- Kategori
- Felsefe
Zaman girdabı
Geçen zaman be kardeşim! Bizden alıp gittikleriyle, meçhule uzanan koridorlar…neşvesi, bu cihete matuf olanın tereddütlerini bir kabus gibi zihninde sorguladığı anlar… Bildik söylemlerde depreşen kaygılara nafile telkinler… tanıdık yüzlerde perçinlenen hatıraların o yüzlerin birer, birer solmasıyla canlılığını yitirmesi ve ardından soğuk sayfalarda kim bilir hangi gerekçe ile hatırlanıncaya kadar fotoğraflarının istiflenmesi… Anıların bir koleksiyoncu titizliği ile gizlendiği bu sayfalarda, dolaşan ellerin sayfaları okşayan hassasiyeti, dillerin en masum ifadeleri bulmada zorlandığı anlar. Meraklı gözlerden gizlenen bakışlar!…duygusallığımızı yutkunduğumuz, riyayı mubah kıldığımız dakikalar..Körpe, toy umutlarda kendimizi avuttuğumuzu sandığımız anlar..

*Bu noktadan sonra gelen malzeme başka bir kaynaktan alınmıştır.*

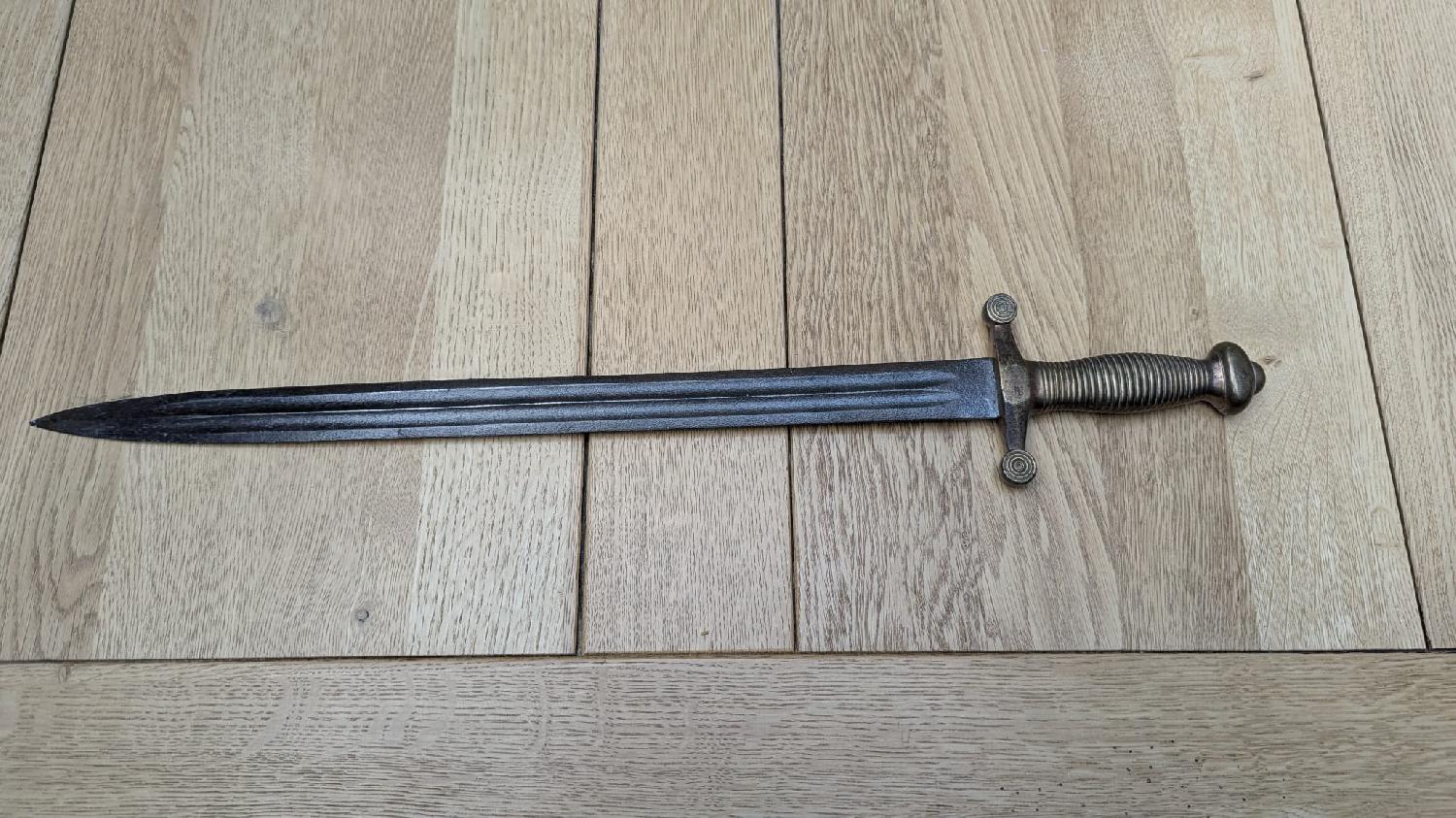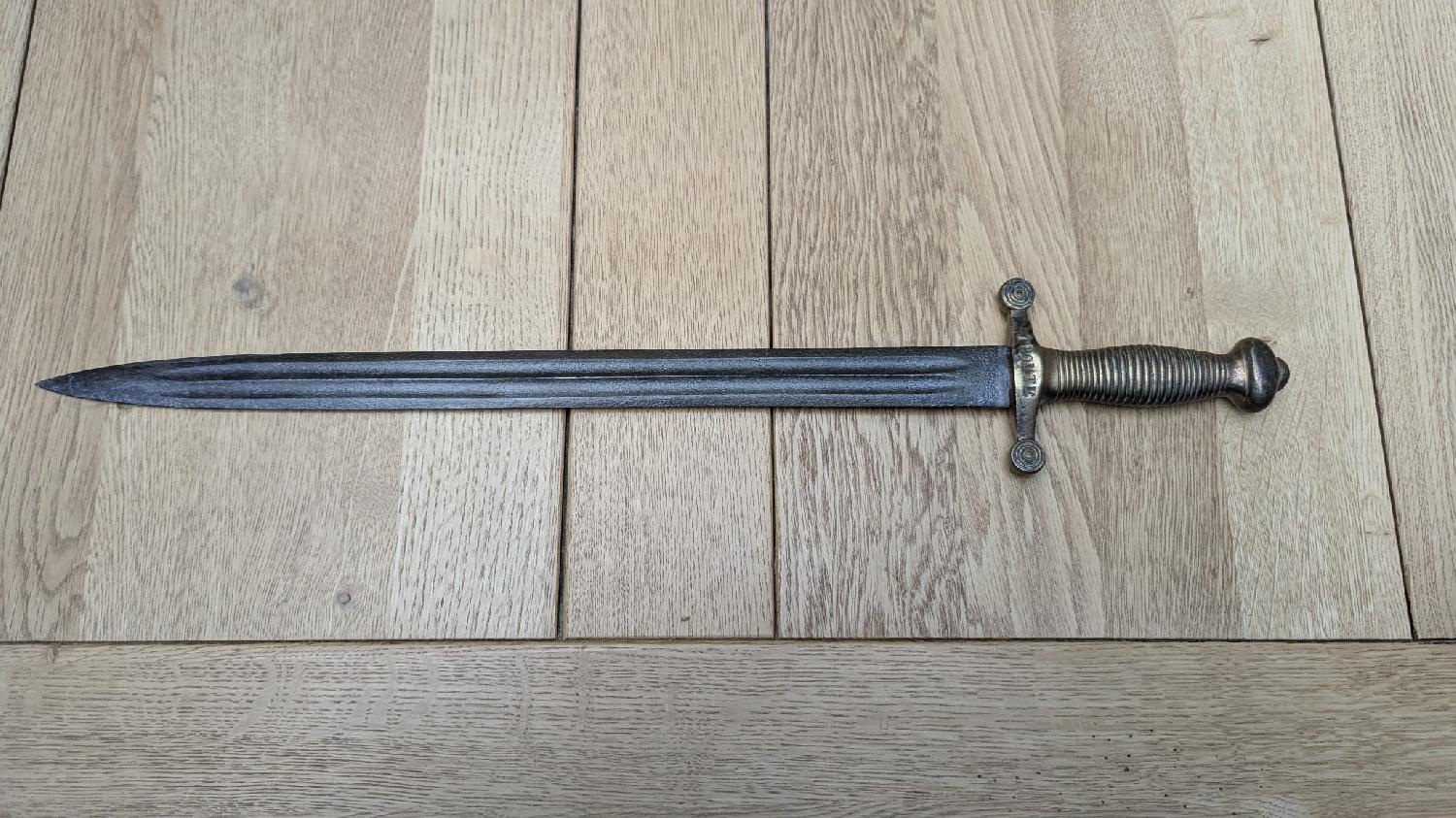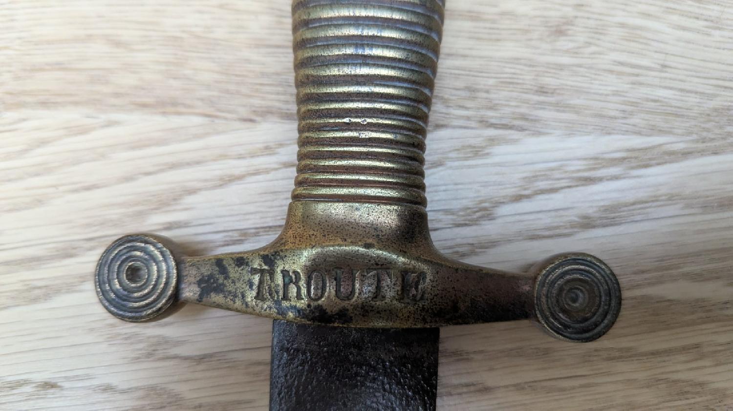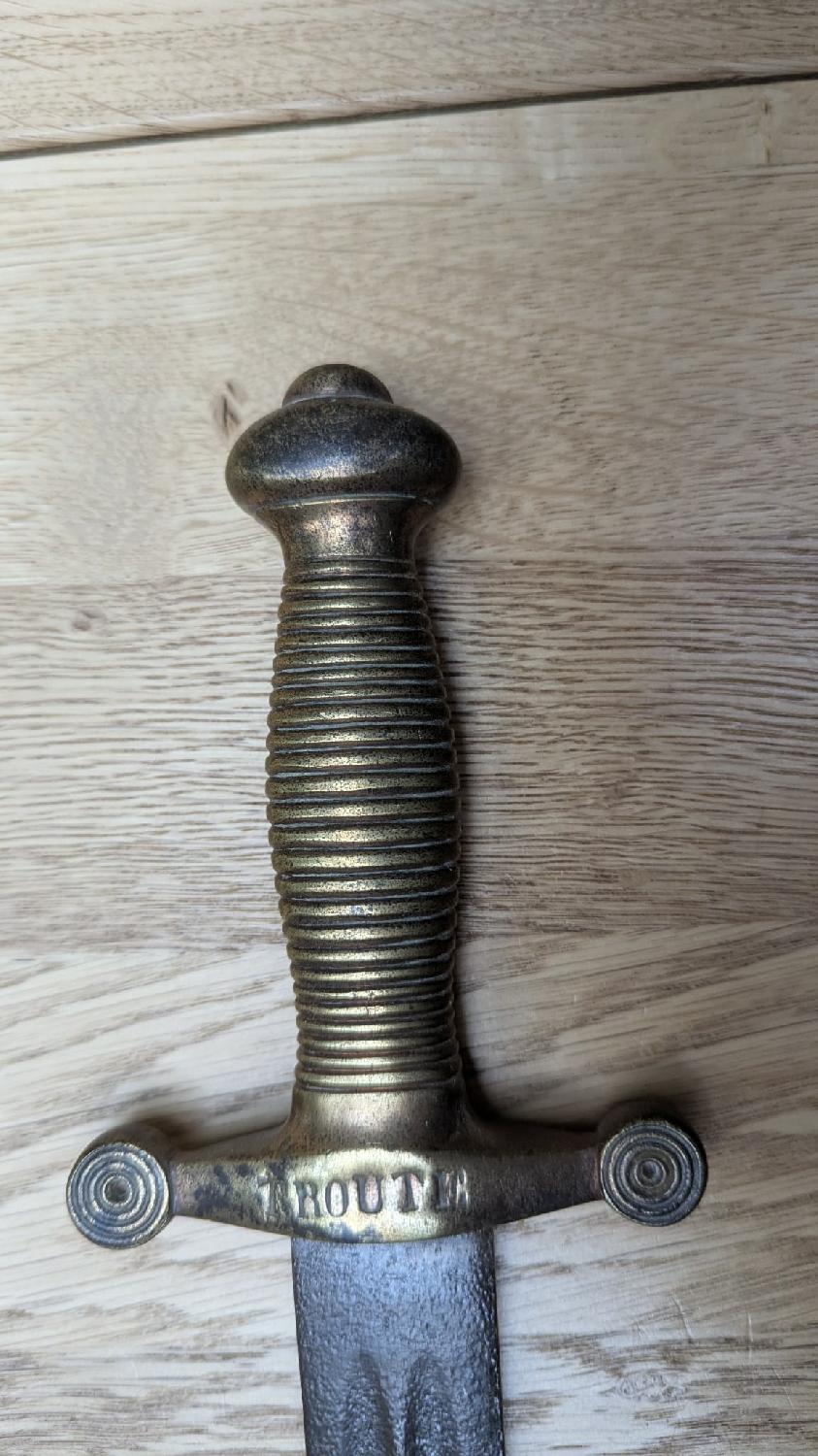 Je vends ce glaive apparemment modèle 1831, sans fourreau, un nom estampé sur le lame "TROUTE" montage solide et pas de jeu.

Öylesine akıp giden şey zaman mı gerçekten? Hani o zamana yüklediğimiz anlam! o kabullenmeler? Hepsi bir anda yitirdi ya anlamını be kardeşim! Mutluluğun bir değeri kaldı mı ya da umudun ve neşenin..? Zamanın devri daimi her an benden bir parça çalıp giderken gülüp eğlenmek kabil mi şimdi! O tek düze alışkanlıklarımızda uç mu veriyor nedir? pişkin cevaplarımız… Kurt ile kuzu, dost ile düşmanın belki de uzlaştığı tek hakikat bu devri daimler.